* Source material:
== Segment start ==

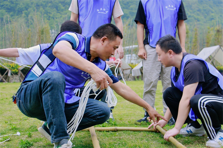 红色团建的模拟担架制作环节,考验的是团队的协作能力与应变能力。在模拟的战争场景中,大家分组合作,利用有限的材料制作担架,用于转移“伤员”。一开始,各小组手忙脚乱,思路不统一,制作过程困难重重。但随着沟通的深入,大家逐渐明确分工,有人负责收集材料,有人负责设计结构,有人负责动手组装。在相互协作、共同努力下,一个个简易却实用的担架制作完成。
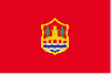 - Bandera rectangular de proporciones 2:3, roja con el escudo en el centro. Aprobación. Bandera en uso desde al menos 1991.
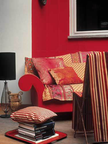 即使是西式的家居布置,同樣可以選用艷麗的東方風(fēng)格布藝做裝點(diǎn)。東方艷麗風(fēng)格布藝的紅色恰好與空間里的紅色墻壁、沙發(fā)屬于同一個色系,搭配出十分和諧的效果。西亞的建筑圖案與中國的傳統(tǒng)紋樣疊在一起使用,并且搭配了材質(zhì)相近、顏色相似的條紋布藝作為橋梁,令東方艷麗的風(fēng)格更為突出,與居室整體的風(fēng)格也更加諧調(diào)?!?br />

== Segment end ==

* Try it: When repeating the listing, keep each line exact and exclude the pictures.

* Solution for this problem:
 红色团建的模拟担架制作环节,考验的是团队的协作能力与应变能力。在模拟的战争场景中,大家分组合作,利用有限的材料制作担架,用于转移“伤员”。一开始,各小组手忙脚乱,思路不统一,制作过程困难重重。但随着沟通的深入,大家逐渐明确分工,有人负责收集材料,有人负责设计结构,有人负责动手组装。在相互协作、共同努力下,一个个简易却实用的担架制作完成。
 - Bandera rectangular de proporciones 2:3, roja con el escudo en el centro. Aprobación. Bandera en uso desde al menos 1991.
 即使是西式的家居布置,同樣可以選用艷麗的東方風(fēng)格布藝做裝點(diǎn)。東方艷麗風(fēng)格布藝的紅色恰好與空間里的紅色墻壁、沙發(fā)屬于同一個色系,搭配出十分和諧的效果。西亞的建筑圖案與中國的傳統(tǒng)紋樣疊在一起使用,并且搭配了材質(zhì)相近、顏色相似的條紋布藝作為橋梁,令東方艷麗的風(fēng)格更為突出,與居室整體的風(fēng)格也更加諧調(diào)?!?br />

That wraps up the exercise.